# To do
Output the whole listing exactly, except for the pictures in it.

# Records supplied
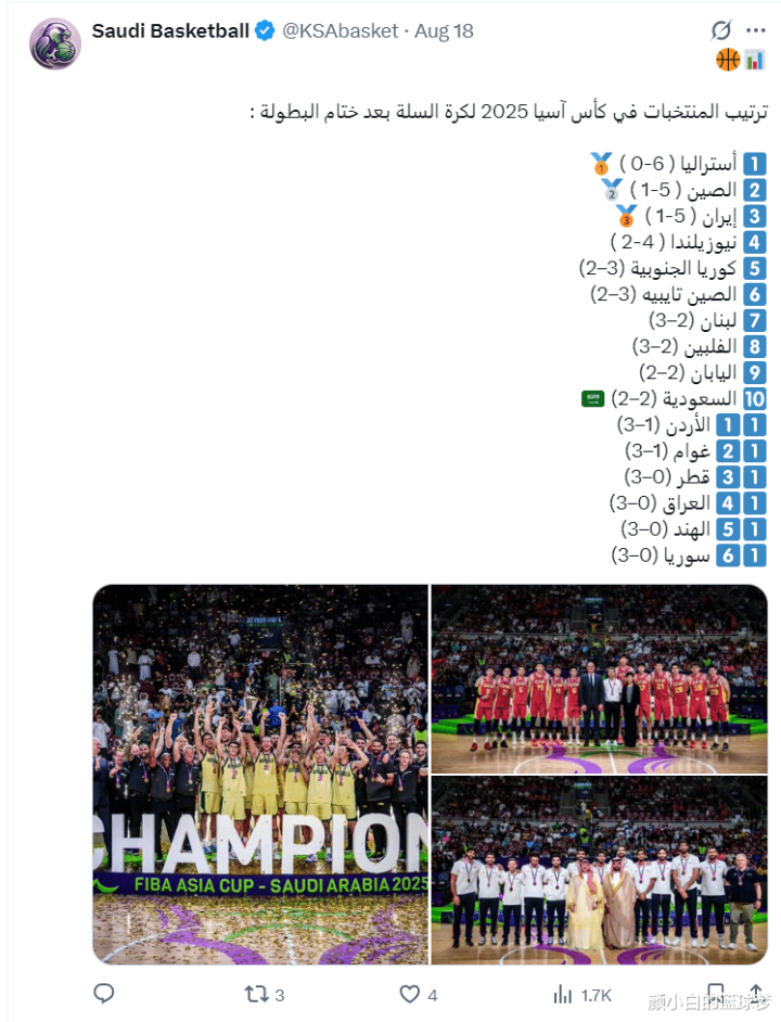 沙特男篮官方晒出了本次亚洲杯的完整排名还有战绩:
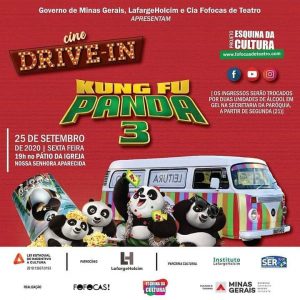 O Cine Drive-in será nesta sexta-feira, 25 de setembro, às 19:00 horas no pátio da igreja de Nossa Senhora Aparecida, no bairro Josefina Coelho. O filme que será projetado é “Kung Fu Panda 3” e promete agradar o público de todas as idades.
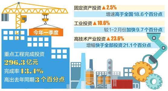 以太焦高铁建设为代表,全省上下掀起项目建设的高潮。一季度重点工程完成投资296.3亿元,完成率13.4%,高出去年同期3个百分点;各级各部门大幅提升网上办理率,扎实开展前期手续办理月活动,前期项目向建设项目转化率已达15.4%,好于往年同期。以项目建设为牵引,一季度,全省固定资产投资增长2.5%,增速高于全国18.6个百分点。其中,工业投资增长10.6%,较1-2月份加快9.7个百分点;高技术产业投资增长23.6%,增幅快于全部投资21.1个百分点。主要经济指标呈现明显回升态势。
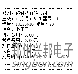 ② 計算模式:輸入扣費金額,按[確認]鍵后,將卡片放于刷卡區,即可進行扣費,若連接的有打印機,可直接打印消費明細,打印出的信息如下圖所示:
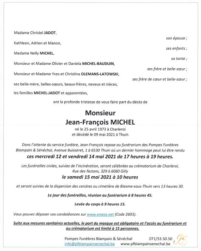 Décédé à Thuin (6530) le dimanche 9 mai 2021 à l'âge de 48 ans
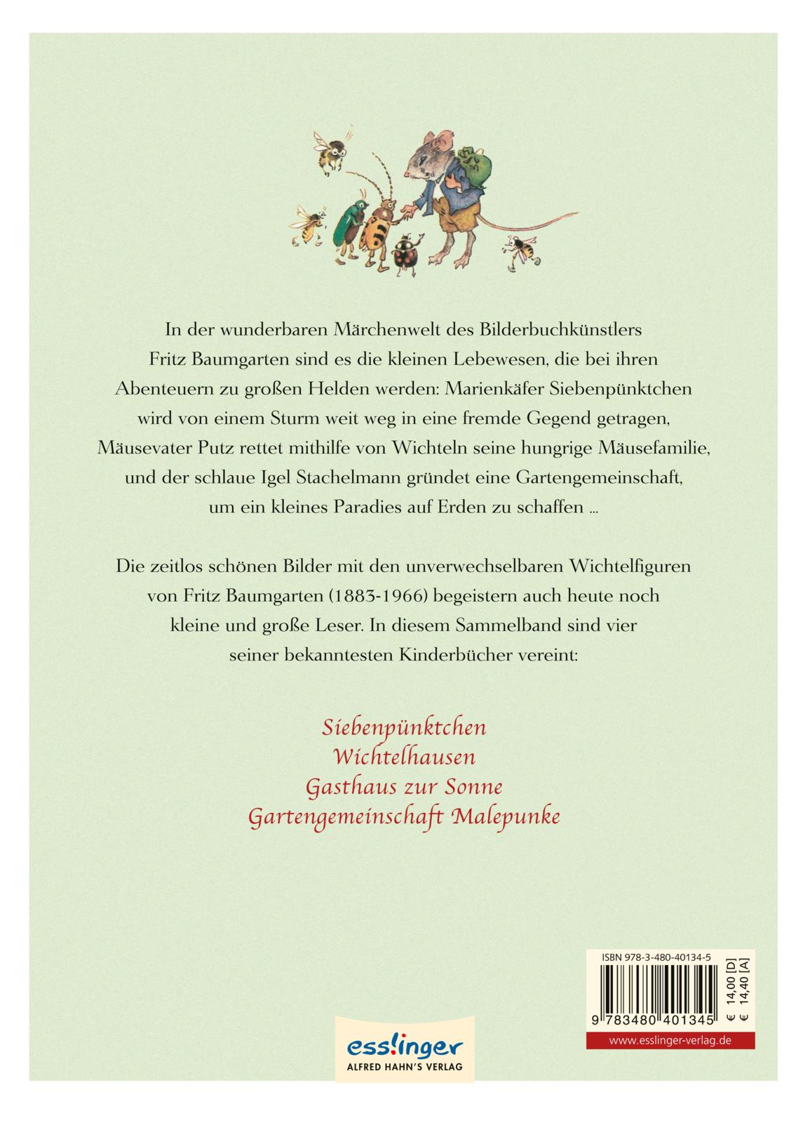 Seine pausbäckigen Wichtel sind unverwechselbar, seine Bücher und Ansichtskarten unter Sammlern begehrt: Mit über 500 Titeln war Fritz Baumgarten einer der produktivsten und beliebtesten Kinderbuch-Illustratoren des 20. Jahrhunderts. In diesem Sammelband sind vier seiner bekanntesten Werke vereint: "Siebenpünktchen", "Wichtelhausen", "Gasthaus zur Sonne" und "Gartengemeinschaft Malepunke".

# Solved problem
 沙特男篮官方晒出了本次亚洲杯的完整排名还有战绩:
 O Cine Drive-in será nesta sexta-feira, 25 de setembro, às 19:00 horas no pátio da igreja de Nossa Senhora Aparecida, no bairro Josefina Coelho. O filme que será projetado é “Kung Fu Panda 3” e promete agradar o público de todas as idades.
 以太焦高铁建设为代表,全省上下掀起项目建设的高潮。一季度重点工程完成投资296.3亿元,完成率13.4%,高出去年同期3个百分点;各级各部门大幅提升网上办理率,扎实开展前期手续办理月活动,前期项目向建设项目转化率已达15.4%,好于往年同期。以项目建设为牵引,一季度,全省固定资产投资增长2.5%,增速高于全国18.6个百分点。其中,工业投资增长10.6%,较1-2月份加快9.7个百分点;高技术产业投资增长23.6%,增幅快于全部投资21.1个百分点。主要经济指标呈现明显回升态势。
 ② 計算模式:輸入扣費金額,按[確認]鍵后,將卡片放于刷卡區,即可進行扣費,若連接的有打印機,可直接打印消費明細,打印出的信息如下圖所示:
 Décédé à Thuin (6530) le dimanche 9 mai 2021 à l'âge de 48 ans
 Seine pausbäckigen Wichtel sind unverwechselbar, seine Bücher und Ansichtskarten unter Sammlern begehrt: Mit über 500 Titeln war Fritz Baumgarten einer der produktivsten und beliebtesten Kinderbuch-Illustratoren des 20. Jahrhunderts. In diesem Sammelband sind vier seiner bekanntesten Werke vereint: "Siebenpünktchen", "Wichtelhausen", "Gasthaus zur Sonne" und "Gartengemeinschaft Malepunke".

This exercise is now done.